Former Detroit Mayor Kwame Kilpatrick, whose 28-year sentence for corruption shocked many people in the Black community as excessive, is going before a federal appeals court today to argue that he deserves a new trial because his lawyers had a conflict of interest and because mistakes were made during his trial.
Many people used Kilpatrick’s sentence as evidence of the racial bias of the legal system when George Zimmerman was allowed to walk free after killing Trayvon Martin—arguing that the mayor would be spending nearly three decades in prison for stealing money while Zimmerman would get no time for actually taking a life.

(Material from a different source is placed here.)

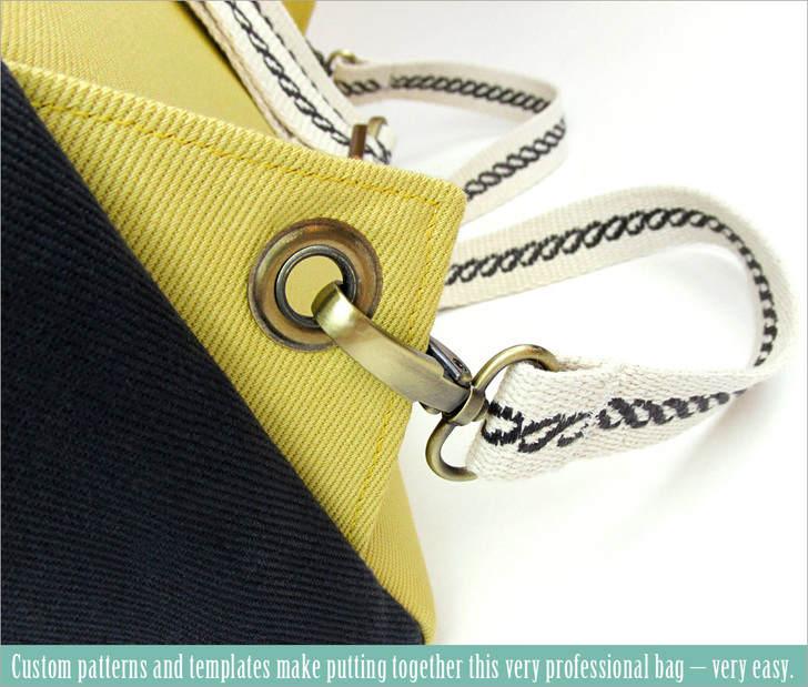 The pattern’s instructions include complete steps on how to create adjustable webbing straps with decorative stitching accents, an inset base, corded handles, an exposed zipper pocket, and a ripstop lining with both flat and elastic pockets.
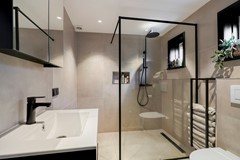 De badkamer (2023) straalt luxe uit met grote beige tegels, stijlvolle zwarte accenten en een ruime inloopdouche met regendouche. Het moderne wastafelmeubel met spiegelkast en het toilet maken de ruimte helemaal compleet. Een plek waar je de dag heerlijk kunt beginnen én afsluiten.

Kilpatrick was sentenced in October 2013 after being convicted in March 2013 on 24 charges after a five-month trial. Prosecutors accused Kilpatrick of using the mayor’s office to steer $127 million in contracts to his partner Bobby Ferguson, a contractor and head of Ferguson Enterprises.
Kilpatrick was found guilty on the most serious charges—extortion and racketeering, each of which carried a sentence of up to 20 years.
Ferguson was also found guilty of 11 charges, while the mayor’s father was convicted of filing a false tax return.
Kilpatrick’s tenure as mayor ended abruptly in 2008 amid a sex scandal and allegations of corruption.
“While Ferguson relied on Kilpatrick to back up his threats, Ferguson drove the extortion machine,” prosecutors said in the 30-page sentencing memorandum for Ferguson. “With ruthless abandon, he bullied local businessmen and women, threatening to cancel their contracts and promising to visit financial harm upon them if they did not accede to his demands.”
“Ferguson’s text messages with Kilpatrick revealed that far from promoting other African-American businesses, he actively undermined them, then laughed at their attempts at getting redress from the city administration,” the sentencing memo reads.
Before the three-judge panel of the U.S. 6th Circuit Court of Appeals, attorneys for Kilpatrick and his co-defendant Ferguson each will have 20 minutes for the oral argument. The prosecution will have 40 minutes to present its case.
In his appeal papers, the former mayor charges that the court, for the sake of expediency, denied him his right to fundamental constitutional protections of a fair trial and to representation by attorneys who are effective and free from conflicts of interest. In a statement released by Kilpatrick’s family explaining his position, they claim both of his trial attorneys, James Thomas and Michael Naughton, months before the trial started, joined the law firm—as counsel attorneys—that was suing Kilpatrick in federal court for the same claimed RICO violations on which Thomas and Naughton were defending him in his criminal case.
“It is a conflict of interest when attorneys associated with a law firm sue a client while others defend him on criminal charges for the same alleged acts,” the statement says. “This egregious conflict, of simultaneous representation, caused numerous issues in the criminal trial, which significantly hindered and prejudiced the defense of Mr. Kilpatrick. The trial judge, was made aware of this issue on the record, prior to trial. However, without any investigation of these matters, made a rash decision to continue.”
Kilpatrick also claims that during the trial the prosecutors continually used the testimony of government criminal investigators, who were called to testify 23 times during the trial and give their interpretations of the evidence for the jury, but were never qualified as experts.